Please change the 4 numbers on line 165.
That should make all LCD areas work.
Please allow 10-15 minutes on the very first run before visiting the web UI or a phone App. Keep in mind that the webUI keeps some connection open and retries to connect in the background, so if you had a tab open on your browser from a previous successful boot, don’t just leave it open.
Did a one character edit on kiosk-xinit.sh to fix that.
Sooo Buster is running fine… next stop upgrade openHAB!
@rlkoshak are your instructions still valid with today’s OH version (coming from 2.5.12) ?
I don’t know. Which instructions in specific are you referring to here? I don’t think I wrote any upgrade instructions yet and I’m certain there will be some necessary changes to the config. The rules should pretty much work as written but OH 3 completely dropped support for 1.x version bindings. IIRC when I reworked the rules we were still using the 1.x GPIO binding (because there wasn’t a 2.x version binding yet). There is now a 2.x style GPIO binding but that means working with Things now instead of Item configs.

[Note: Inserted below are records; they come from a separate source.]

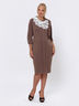 Женственное платье приталенного силуэта из костюмной ткани. Модель дополнена съёмным шарфом с ажурным, контрастным кружевом. Застёгивается на молнию сзади.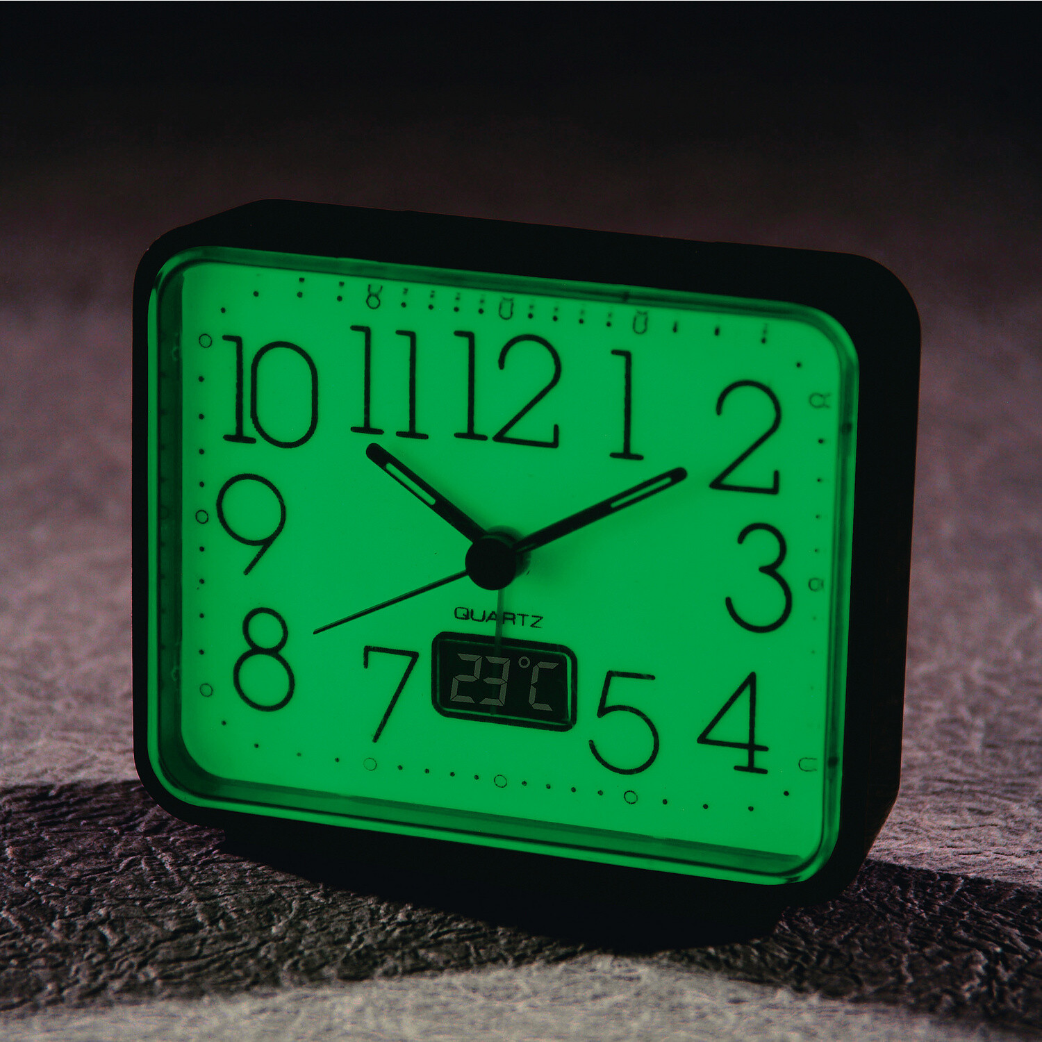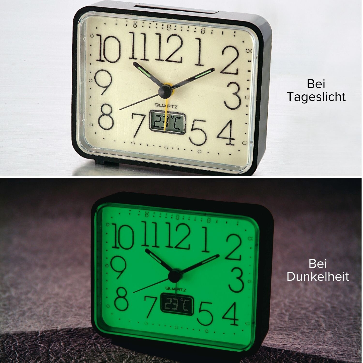 Tento budík umí víc než Vás pouze včas probudit. S osvětleným ciferníkem. S ukazatelem pokojové teploty. Svítí ve tmě. S funkcí budíku . Zřetelně čitelný ciferník . Objednejte si také: 8 tužkových baterií AA, 1,5 V. Provoz na 1 tužkovou baterii AA (není součástí).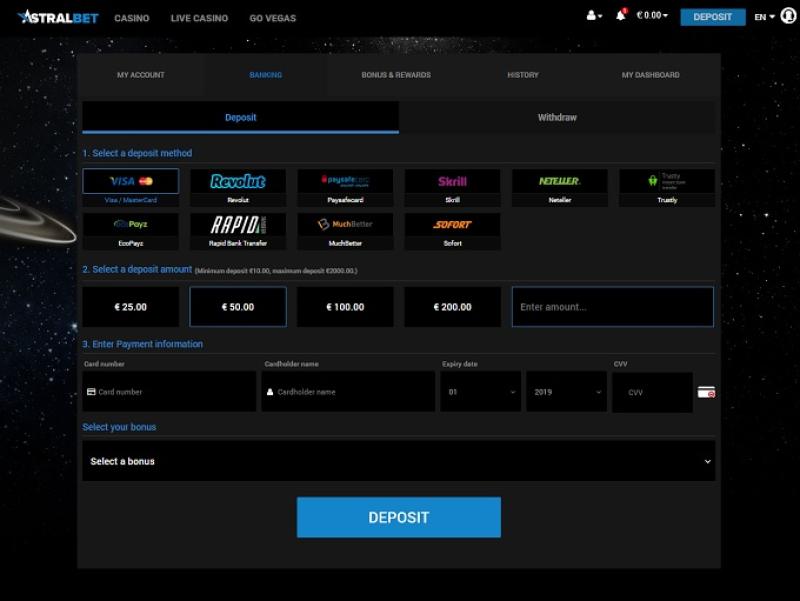 خيارات الخدمات المصرفية في AstralBet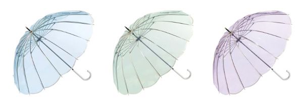 貝殻のようなフォルムときらきらした質感のパイピングが特徴の長傘。風に強い16本骨を採用。価格は3,080円。

So the PinXX Items would need to be reworked (probably best to make the managed like all the rest) and of course the new binding would need to be installed and a Thing created and configured.
Beyond that, I think everything else is OH 3 ready.

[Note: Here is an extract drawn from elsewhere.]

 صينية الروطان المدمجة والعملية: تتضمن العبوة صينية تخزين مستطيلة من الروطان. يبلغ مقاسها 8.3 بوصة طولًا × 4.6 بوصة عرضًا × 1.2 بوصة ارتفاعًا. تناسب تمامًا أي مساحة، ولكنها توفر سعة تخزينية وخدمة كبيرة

There are also a ton of new features that we can use to greatly reduce the complexity and amount of rules code including profiles and Units of Measurement (we can get rid of everything that deals with converting between degrees F and degrees C for example), the semantic model, etc. But all that can and probably should wait until what we have now is working on OH 3.
At a high level the process would be as follows:
Use apt to install the latest OH 3 release. The installer will make all the changes necessary to migrate the managed configs (Thing, Items, Rules) to OH 3.
Install the new GPIO binding.
Use MainUI (replacement to PaperUI) to create a new GPIO Thing and configure the channels for the four pins we use.
Recreate the PinXX Items using MainUI.
I’m reasonably confident that will work. Once that’s working on OH 3, it’s probably worth while to look into (in no particular order):
retrofit our Items into the semantic model
configure the Overview page in MainUI and consider removing BasicUI and the sitemap for admin and phone control
rework the Items and shell scripts to use Units of Measurement (we can standardize on degrees C everywhere and only convert to degrees F on the UI and the MQTT messages we publish to the UI), we can get rid of a bunch of Items doing this as well
rewrite the rules using the JS Scripting add-on which will let us use ECMAScript 11 instead of the ancient ECMAScript 5.1 we are using now (which will go away as a default when OH moves from Java 11 to Java 17 probably some time this year). This also comes with a helper library that provides something close to a pure Java Script environment. This too will allow for a good deal of rules simplification.
move some of the rules config stuff out of defaults.js into Items so they can more easily be configured by end users where necessary (MainUI now has widgets to enter all sorts of stuff including free text and date times that can’t be done in sitemaps)
look into adopting Timeline - UI Widgets - openHAB Community (or something like it) to set the schedule
With the helper library that comes with the JS Scripting add-on, it’s really easy now for rules to call each other and to work with Item metadata. We should be able to use that to not only further simplify rules but also eliminate a whole bunch of Items.
The sensor on my test unit gave up and I’ve unplugged it. Next time I get a chance I’ll see if I can bring it back out and ruin the upgrade on it to verify this but it might take a bit so don’t wait on me.
Thank you @rlkoshak, clear as always. You are right, there were no upgrade instructions…
Will look into these the following days…
@hestia_hacker I recall the load before installing the LCD script was reasonable but now I noticed this:
Saw some open issues on LCD and framebuffer repos that may be related…
Although performance-wise, it feels fine, we should not just leave it like this.
Will double check.
Regarding the upgrade steps from rlkoshak, how would these be described/applied to your scripts?